RECORDS FOR PROCESSING START

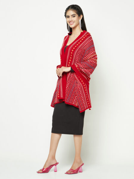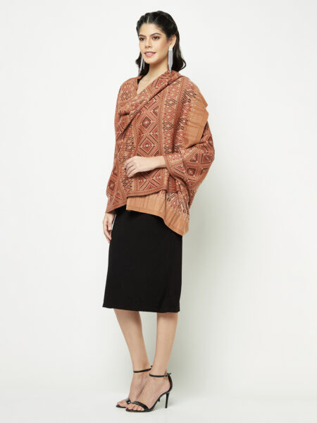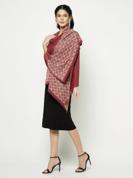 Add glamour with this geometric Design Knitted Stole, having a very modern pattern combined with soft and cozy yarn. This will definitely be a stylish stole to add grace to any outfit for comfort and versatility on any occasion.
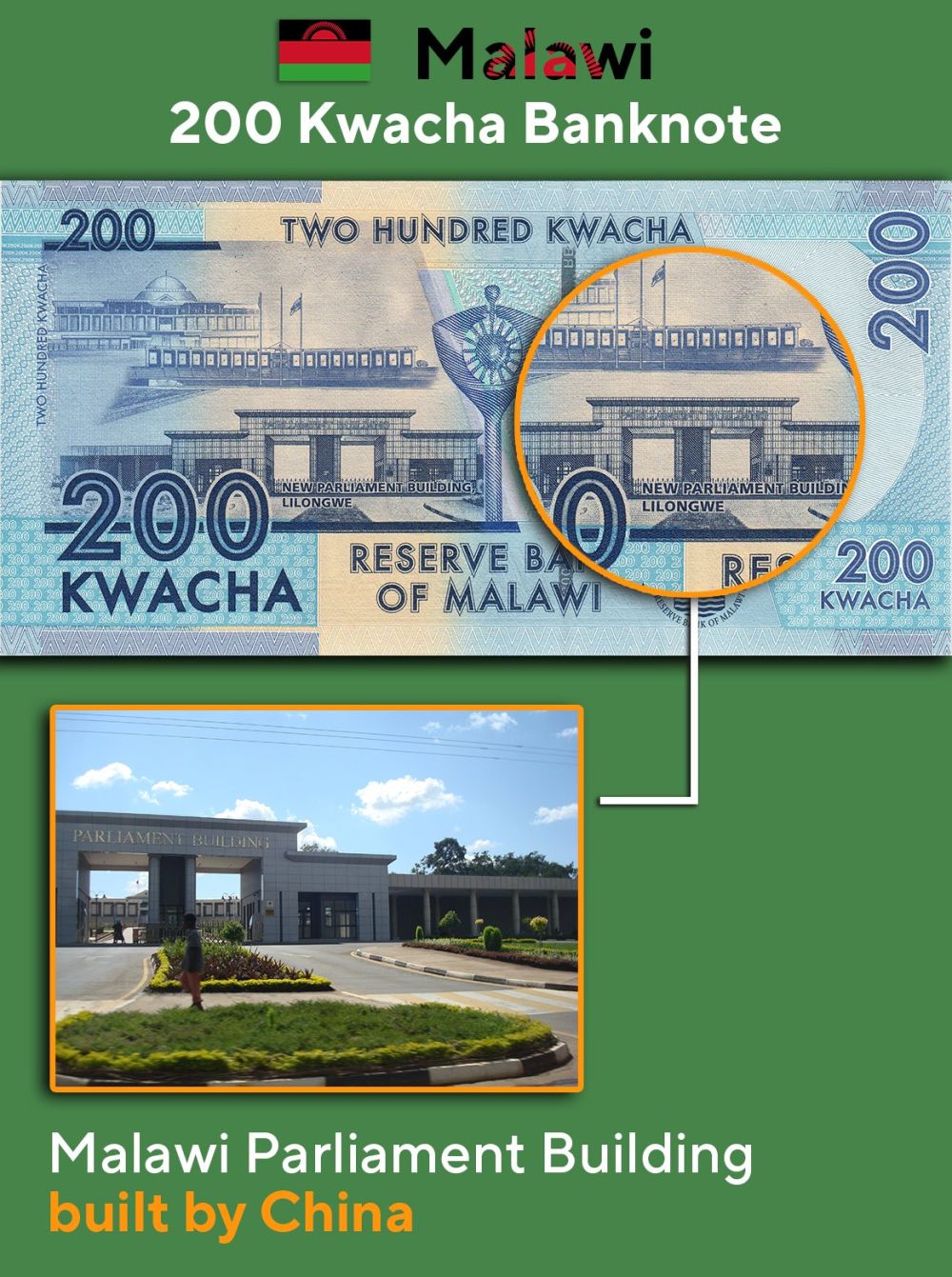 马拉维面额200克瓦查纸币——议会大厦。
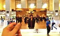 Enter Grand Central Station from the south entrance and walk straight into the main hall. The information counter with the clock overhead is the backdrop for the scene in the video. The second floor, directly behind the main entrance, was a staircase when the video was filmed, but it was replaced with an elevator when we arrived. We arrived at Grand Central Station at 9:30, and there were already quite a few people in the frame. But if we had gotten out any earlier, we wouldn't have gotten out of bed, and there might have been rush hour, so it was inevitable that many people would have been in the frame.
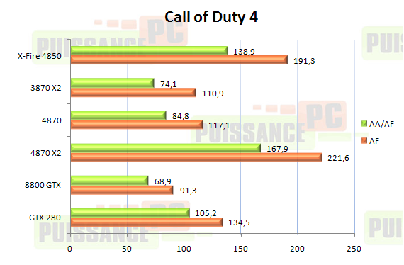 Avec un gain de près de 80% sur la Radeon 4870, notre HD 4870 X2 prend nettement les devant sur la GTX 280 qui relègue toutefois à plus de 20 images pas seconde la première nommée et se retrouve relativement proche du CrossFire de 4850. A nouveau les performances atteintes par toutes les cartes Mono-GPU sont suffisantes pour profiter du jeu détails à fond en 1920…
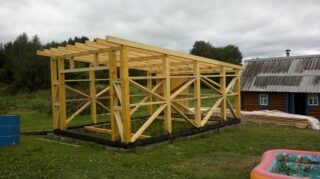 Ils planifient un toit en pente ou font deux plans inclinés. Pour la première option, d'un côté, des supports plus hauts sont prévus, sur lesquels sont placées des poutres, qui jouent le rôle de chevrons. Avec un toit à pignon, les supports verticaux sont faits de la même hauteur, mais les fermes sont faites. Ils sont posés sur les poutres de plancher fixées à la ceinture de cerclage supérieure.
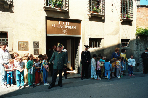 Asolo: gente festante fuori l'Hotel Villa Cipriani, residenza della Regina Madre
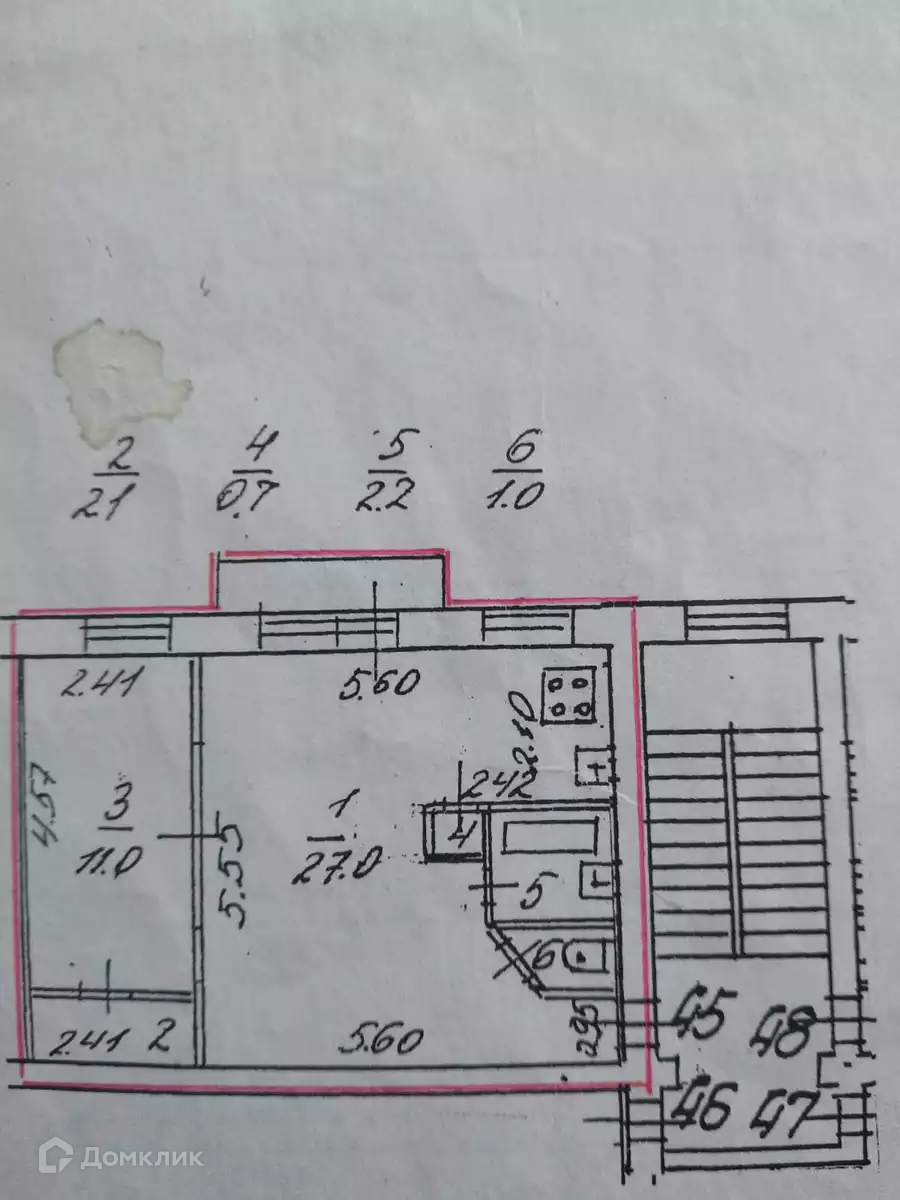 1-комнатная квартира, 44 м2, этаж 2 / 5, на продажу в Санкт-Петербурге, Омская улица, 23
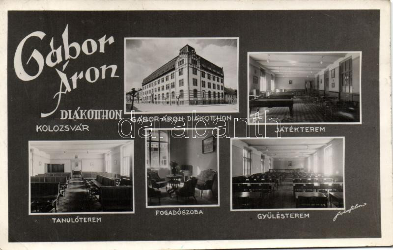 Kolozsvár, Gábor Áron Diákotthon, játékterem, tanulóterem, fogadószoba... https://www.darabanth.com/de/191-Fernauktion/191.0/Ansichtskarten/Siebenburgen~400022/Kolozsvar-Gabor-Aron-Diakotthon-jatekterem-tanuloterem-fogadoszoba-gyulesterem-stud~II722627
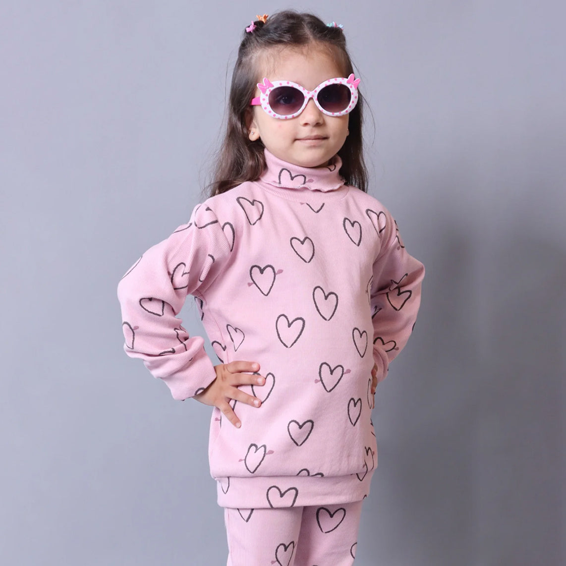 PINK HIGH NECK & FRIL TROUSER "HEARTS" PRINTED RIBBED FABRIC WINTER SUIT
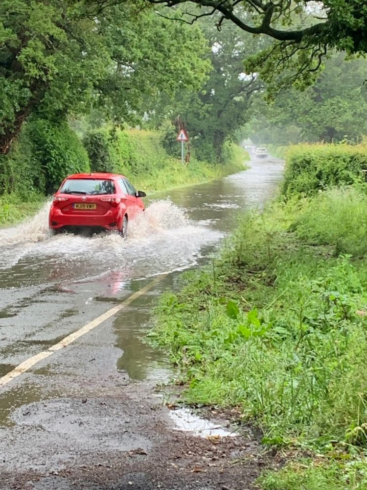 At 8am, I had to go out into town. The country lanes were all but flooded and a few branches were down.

RECORDS FOR PROCESSING END
RECORDS FOR PROCESSING START

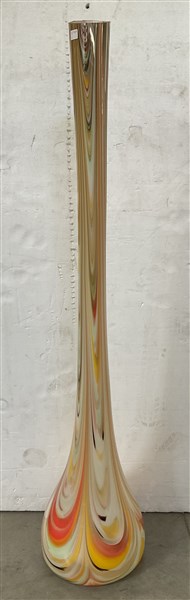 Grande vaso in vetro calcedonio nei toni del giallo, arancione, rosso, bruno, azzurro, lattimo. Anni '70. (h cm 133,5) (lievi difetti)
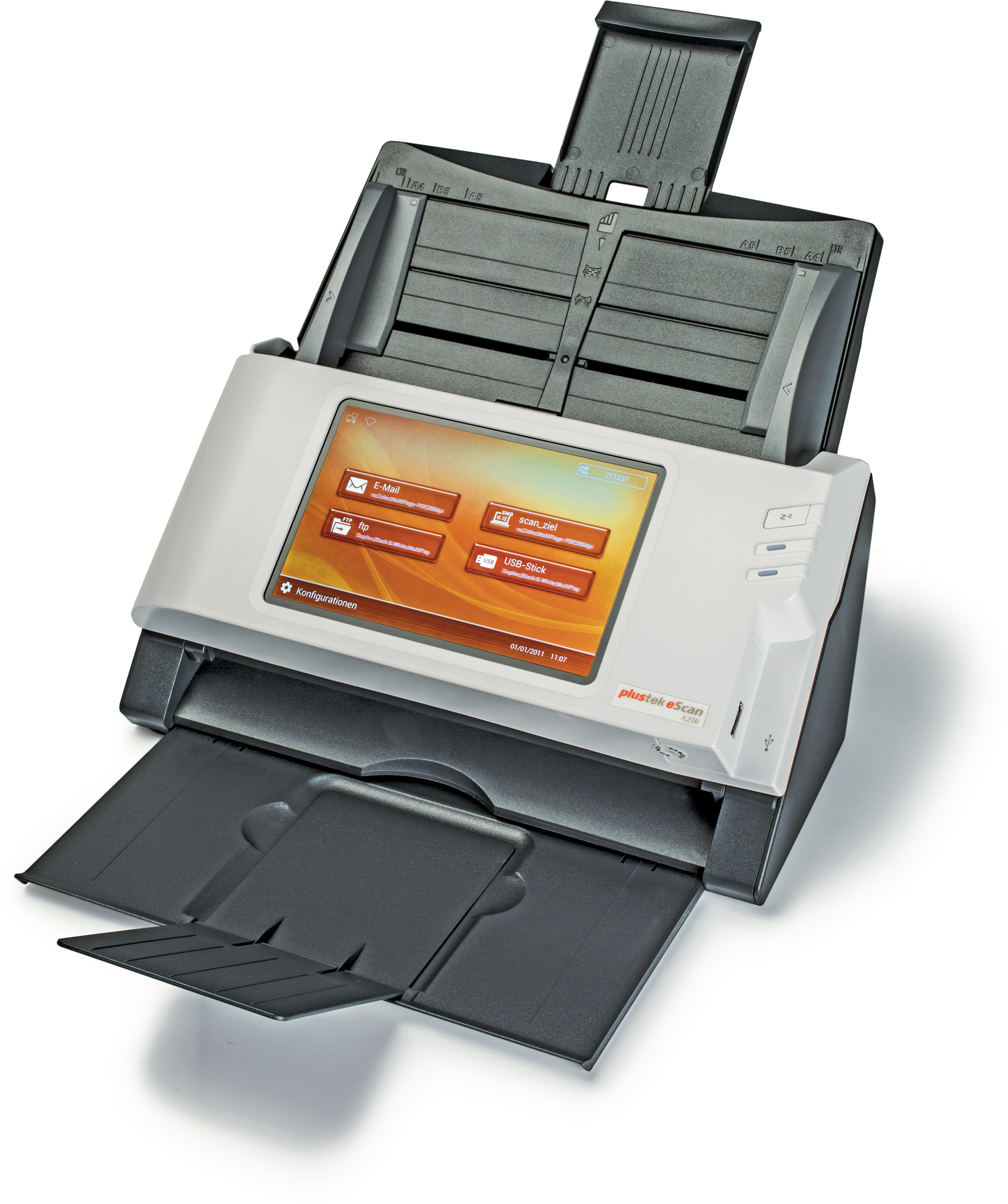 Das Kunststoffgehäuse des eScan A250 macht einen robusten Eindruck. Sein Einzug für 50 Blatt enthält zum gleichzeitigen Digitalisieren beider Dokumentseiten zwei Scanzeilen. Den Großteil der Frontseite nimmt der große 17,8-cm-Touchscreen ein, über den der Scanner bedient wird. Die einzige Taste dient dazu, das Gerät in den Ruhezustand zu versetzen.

RECORDS FOR PROCESSING END

Using the material above, reproduce only the lines that run from the line with "Grande vaso in" up to and including the line with "Das Kunststoffgehäuse des", exactly, with the pictures dropped.

● RESULT OF THIS EXERCISE
 Grande vaso in vetro calcedonio nei toni del giallo, arancione, rosso, bruno, azzurro, lattimo. Anni '70. (h cm 133,5) (lievi difetti)
 Das Kunststoffgehäuse des eScan A250 macht einen robusten Eindruck. Sein Einzug für 50 Blatt enthält zum gleichzeitigen Digitalisieren beider Dokumentseiten zwei Scanzeilen. Den Großteil der Frontseite nimmt der große 17,8-cm-Touchscreen ein, über den der Scanner bedient wird. Die einzige Taste dient dazu, das Gerät in den Ruhezustand zu versetzen.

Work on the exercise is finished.